#### [What is being asked]
Line by line, transcribe the data below exactly and pass over the images.

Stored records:
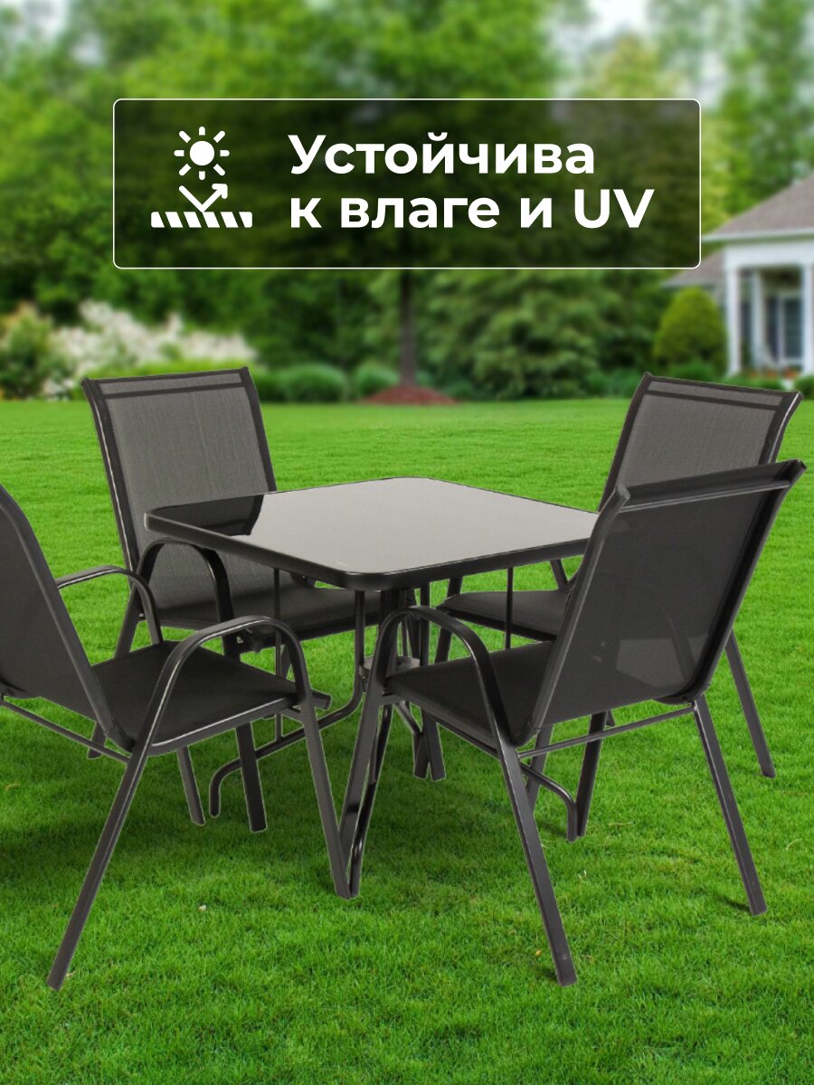 Садовая мебель Тиба — стильное и практичное решение для обустройства дачного участка, террасы, уличного кафе или домашней кухни. Современный дизайн и универсальный черный цвет гармонично впишутся в любой ландшафт или интерьер, подчеркивая вкус и заботу о комфорте. Комплект состоит из квадратного стола размером 80х80х70 см со столешницей из прочного стекла и четырех удобных стульев с жестким сиденьем (размер стула — 59х58х95 см). Такой набор рассчитан на комфортное размещение четырех персон, что идеально подходит для семейных обедов и дружеских встреч на свежем воздухе.
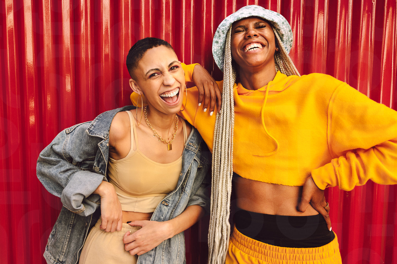 Two best friends laughing happily while standing together against a red background. Young female friends feeling vibrant and full of life. Two young women having a good time together.
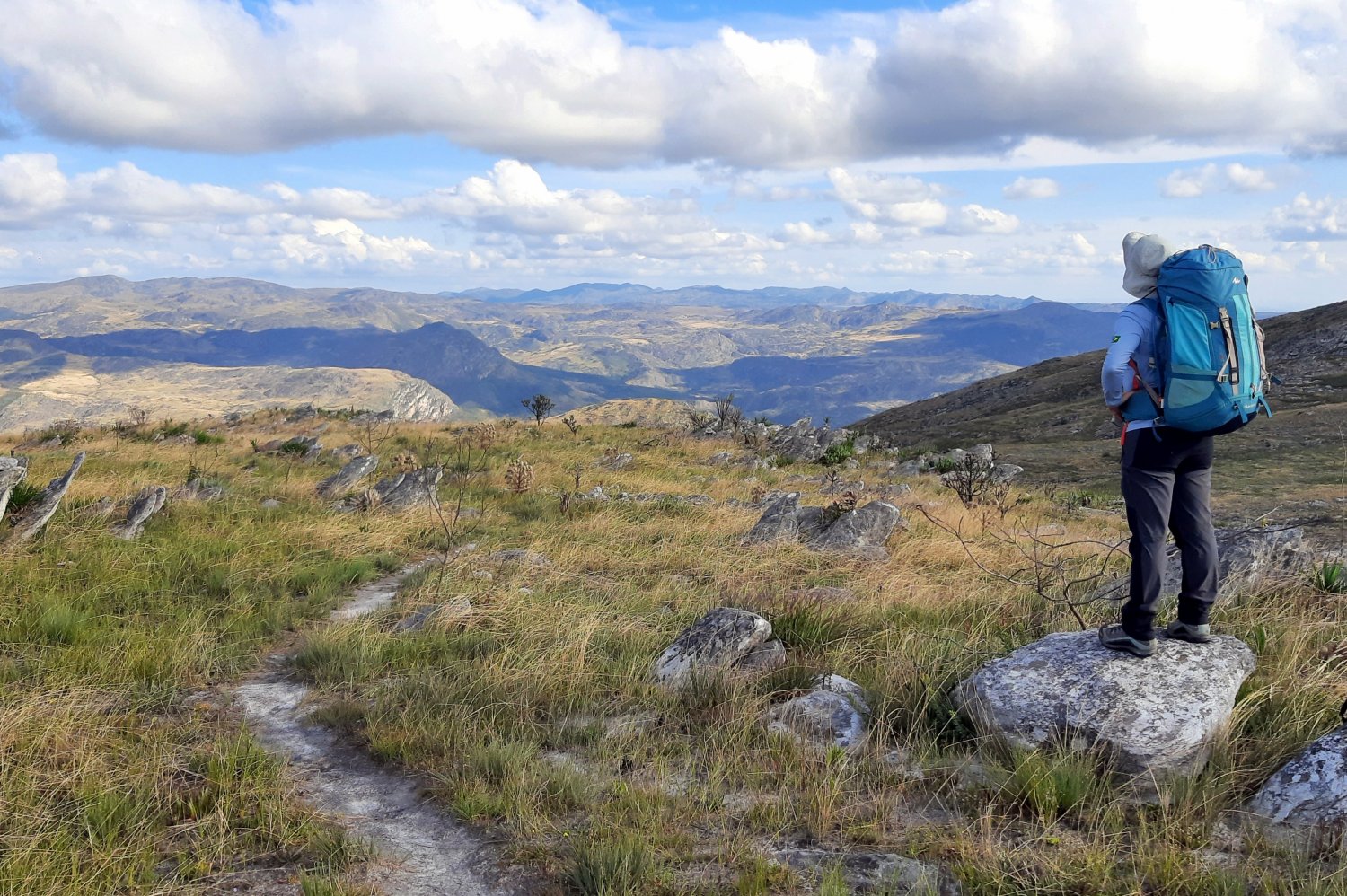 Vista do interior do PARNA da Serra do Cipó a partir do cume do pico do Ernesto. Momento para contemplação e reflexão. Já pensou em fazer um curso básico de montanhismo? Procure um clube de montanhismo na sua região e se informe. Ele pode trazer um novo rumo para sua vida!
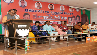 Deputy CM, Dr Nirmal Singh addressing BJP Jammu district Working Committee meeting at Trikuta Nagar on Thursday
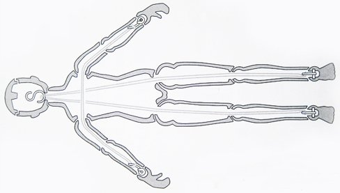 Esquema interior de una BJD. Mediante este dibujo podemos apreciar la estructura de cuerdas que recorre el cuerpo de la muñeca y le permite los diferentes movimientos.
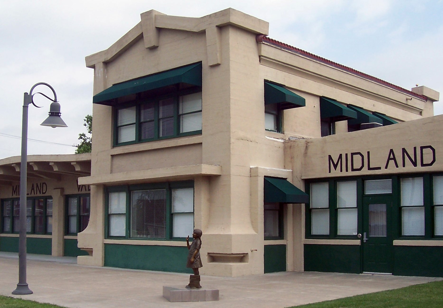 Wearing the Junior dress that Girl Scouts wore in the 1960s and 1970s she is pledging the Girl Scout Promise. This sculpture is placed at the Three Rivers Museum in Muskogee, OK.
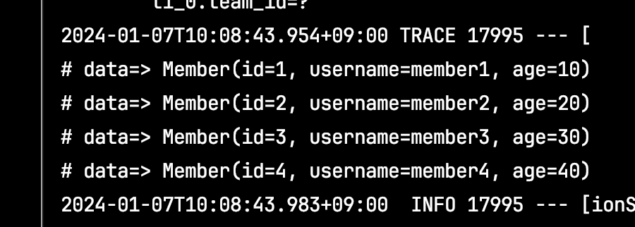 이 경우 Member 관련 데이터만 출력하며 Member Class 에 정의한 Team Class가 기본으로 EAGER 타입이므로 Team 테이블 데이터를 쓰지 않아도 불러온다.
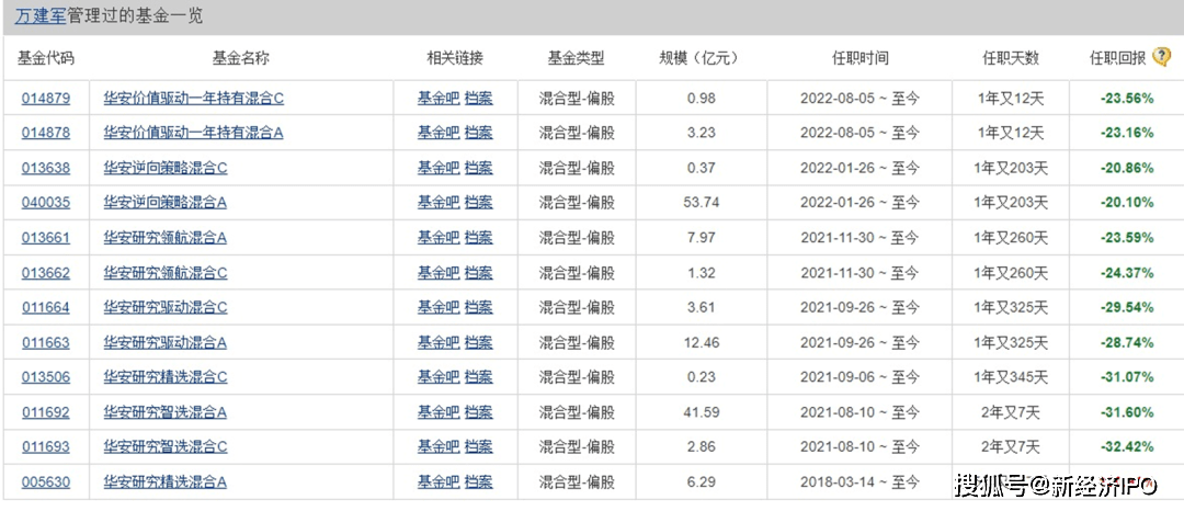 在上述6只基金中,除了最早的代表作华安研究精选(规模只有9亿)外,其余2021年-2022年发行的基金净值全部为亏损状态,净值亏损幅度在-20%-33%之间。按平均亏损25%计算,万建军过去两年给投资人亏损了大约32亿元。
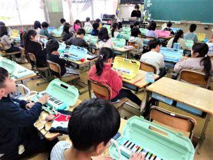 音楽では鍵盤ハーモニカの練習をしています。今まで習った練習曲を、先生が題名を言っただけで演奏することができるので、びっくりしました。

#### [Result of the task]
 Садовая мебель Тиба — стильное и практичное решение для обустройства дачного участка, террасы, уличного кафе или домашней кухни. Современный дизайн и универсальный черный цвет гармонично впишутся в любой ландшафт или интерьер, подчеркивая вкус и заботу о комфорте. Комплект состоит из квадратного стола размером 80х80х70 см со столешницей из прочного стекла и четырех удобных стульев с жестким сиденьем (размер стула — 59х58х95 см). Такой набор рассчитан на комфортное размещение четырех персон, что идеально подходит для семейных обедов и дружеских встреч на свежем воздухе.
 Two best friends laughing happily while standing together against a red background. Young female friends feeling vibrant and full of life. Two young women having a good time together.
 Vista do interior do PARNA da Serra do Cipó a partir do cume do pico do Ernesto. Momento para contemplação e reflexão. Já pensou em fazer um curso básico de montanhismo? Procure um clube de montanhismo na sua região e se informe. Ele pode trazer um novo rumo para sua vida!
 Deputy CM, Dr Nirmal Singh addressing BJP Jammu district Working Committee meeting at Trikuta Nagar on Thursday
 Esquema interior de una BJD. Mediante este dibujo podemos apreciar la estructura de cuerdas que recorre el cuerpo de la muñeca y le permite los diferentes movimientos.
 Wearing the Junior dress that Girl Scouts wore in the 1960s and 1970s she is pledging the Girl Scout Promise. This sculpture is placed at the Three Rivers Museum in Muskogee, OK.
 이 경우 Member 관련 데이터만 출력하며 Member Class 에 정의한 Team Class가 기본으로 EAGER 타입이므로 Team 테이블 데이터를 쓰지 않아도 불러온다.
 在上述6只基金中,除了最早的代表作华安研究精选(规模只有9亿)外,其余2021年-2022年发行的基金净值全部为亏损状态,净值亏损幅度在-20%-33%之间。按平均亏损25%计算,万建军过去两年给投资人亏损了大约32亿元。
 音楽では鍵盤ハーモニカの練習をしています。今まで習った練習曲を、先生が題名を言っただけで演奏することができるので、びっくりしました。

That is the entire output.